Friday, February 5, 2010

Sadly The Final Blog

Ethan Beswick

As I sit here in LAX, all that is left to do is reflect upon the past month, lest I remember that classes start in just a few days.  From our Maori visits to hiking the Tongariro Alpine crossing, there has rarely been a dull moment, save for the last few days at the Uni.  However, Dull is an imprecise word but I use it because the stresses of the journey morphed constantly and kept the trip constantly interesting.  From joy and amazement to practically needing to get away from each other to hiking mountain passes and sleeping (err… studying!) on beaches, we have seen a rollercoaster of every part of our senses over this past month. This is not to say that this trip wasn't an exceptional experience, for it is the ardors of travel that make the situations so memorable.

Before departure, I had made a point to sample the delicacies of the Land of the Long White Cloud, but only after starting to understand the locals and viewing the heralded sights that these small islands have to offer.   I feel that all of these goals were achieved to a degree that I could never have imagined, but let's be honest, you can never have enough good food, so I will work on that again next time I visit.  The bond of cultures in New Zealand is an exceptional combination that has rarely been seen over the years and the sights and sounds and smells should be experienced by all lest we forget what true beauty actually is.  It must not be forgotten the numerous facts and information that I learned from the classes, which is particularly important to me as I truly felt like the stupidest person for 10000 miles when I heard many people discuss the material very early on.

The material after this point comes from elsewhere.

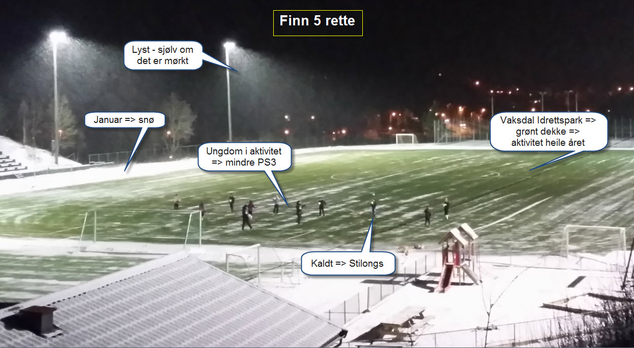Frå Januar av kan alle slå på flaumlys med utandørs brytar og trena på kunstgrasbana etter at det er mørkt. Lysa slår seg av automatisk kl 22.00.

            This trip has shown me a lot of New Zealand but it has also revealed things about myself and others.  This will most likely be one of my last opportunities to travel in such a large group, which has been an experience, but what I will miss is the insightful discussions, lectures, experiences, and information that Art, Doug, Adam, Stu, and every other helpful Kiwi we found was more than willing to share with us.  I have found that it is rarely what you see but in what context and who you share it with, and I am glad that my first experience was with all of you, and you all have the desire to come back and explore the South Island as much as I do.

            We will be the heard of turtles marauding through a field of peanut butter forever.